Seggewiß plädiert für eine deutliche Verkürzung der Prähospitalzeit auf 100 Minuten. Die Patienten müssten durch bessere Information die Gefahr schneller realisieren, und der Notarztwagen müsse umgehend angefordert werden (Tel.: 112). Auch im Rettungssystem und im medizinischen System der Krankenhäuser gäbe es noch Möglichkeiten Zeit zu sparen.


Wegbereiter des Herzinfarkts

Dem Herzinfarkt voraus geht die koronare Herzkrankheit (KHK), bei der eine schleichende Verengung der Herzkranzgefäße eine Mangeldurchblutung des Herzens bis zum Gefäßverschluss durch ein Gerinnsel verursacht. "Und dieser Prozess beginnt schon in der Jugend, schon da sollten die Risikofaktoren wie Rauchen, Bluthochdruck, Übergewicht, Bewegungsmangel, hohes Cholesterin, Zuckerkrankheit und Stress vermieden oder beseitigt werden", betont Seggewiß. Nicht zu beeinflussen seien Alter, Vererbung und Geschlecht.
Als neue Risiken sind im Gespräch: Eine Entzündung im Körper, Homocystein-Erhöhung und Folsäuremangel. Spezifische Risikofaktoren bei Frauen sind zusätzlich Wegfall des Östrogenschutzes nach der Menopause, Rauchen und "Pille" (vierfach erhöhtes Risiko). Bei Diabetikerinnen besteht ein sechsfaches Risiko, bei Diabetikern das vierfache.
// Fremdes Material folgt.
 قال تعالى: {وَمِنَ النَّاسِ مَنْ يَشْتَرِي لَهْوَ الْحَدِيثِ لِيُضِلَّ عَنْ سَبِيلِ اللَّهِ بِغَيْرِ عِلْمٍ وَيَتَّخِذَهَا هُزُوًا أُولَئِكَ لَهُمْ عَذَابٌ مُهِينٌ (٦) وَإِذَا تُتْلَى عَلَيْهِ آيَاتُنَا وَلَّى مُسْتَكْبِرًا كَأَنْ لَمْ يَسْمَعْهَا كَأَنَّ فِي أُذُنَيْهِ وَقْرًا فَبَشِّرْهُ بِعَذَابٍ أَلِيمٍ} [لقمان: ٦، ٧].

Die Durchblutung der Herzkranzgefäße wird erst bei einer Einengung von etwa 70 Prozent gestört. Der sogenannte Angina-Pectoris-Schmerz (Brustenge) entsteht, wenn der Herzmuskel nicht ausreichend mit Blut versorgt wird. Bei der stabilen Angina pectoris entsteht der Schmerz unter körperlicher Belastung oder seelischer Erregung und verschwindet nach der Belastung wieder. Nimmt die Intensität oder Dauer der Schmerzanfälle zu, sollte der Patient umgehend einen Internisten oder Kardiologen aufsuchen.
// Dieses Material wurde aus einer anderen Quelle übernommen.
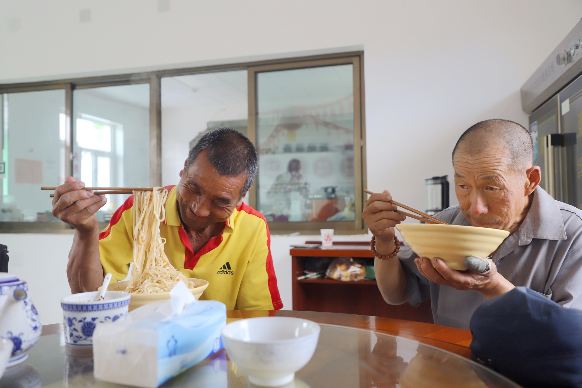 上午十一点,驿站宽敞明亮的餐厅里已是暖意融融。干净整洁的餐桌上,几位老人围坐在一起,吃着热气腾腾的饭菜。“以前总愁午饭没着落,现在好了,食堂每天饭不重样,又便宜又好吃。”老人雍虎忠边吃边说,脸上洋溢着满足的笑容,“吃完饭还能跟老伙计们下棋、打牌,一天过得充实又舒坦。”

Besonders alarmierend ist es, wenn der Brustschmerz mit oder ohne Atemnot bei kleinster Belastung oder sogar in Ruhe auftritt . Weil dieser kritischen Phase häufig bald ein Herzinfarkt folgt, muss hier sofort ein Notarztwagen angefordert werden.
Die Fortsetzung des Seminars mit dem Thema "Herzerkrankung und Medikamente" findet am Mittwoch, 2. Dezember, um 18 Uhr im Leo-Konferenzraum 8. Stock, statt.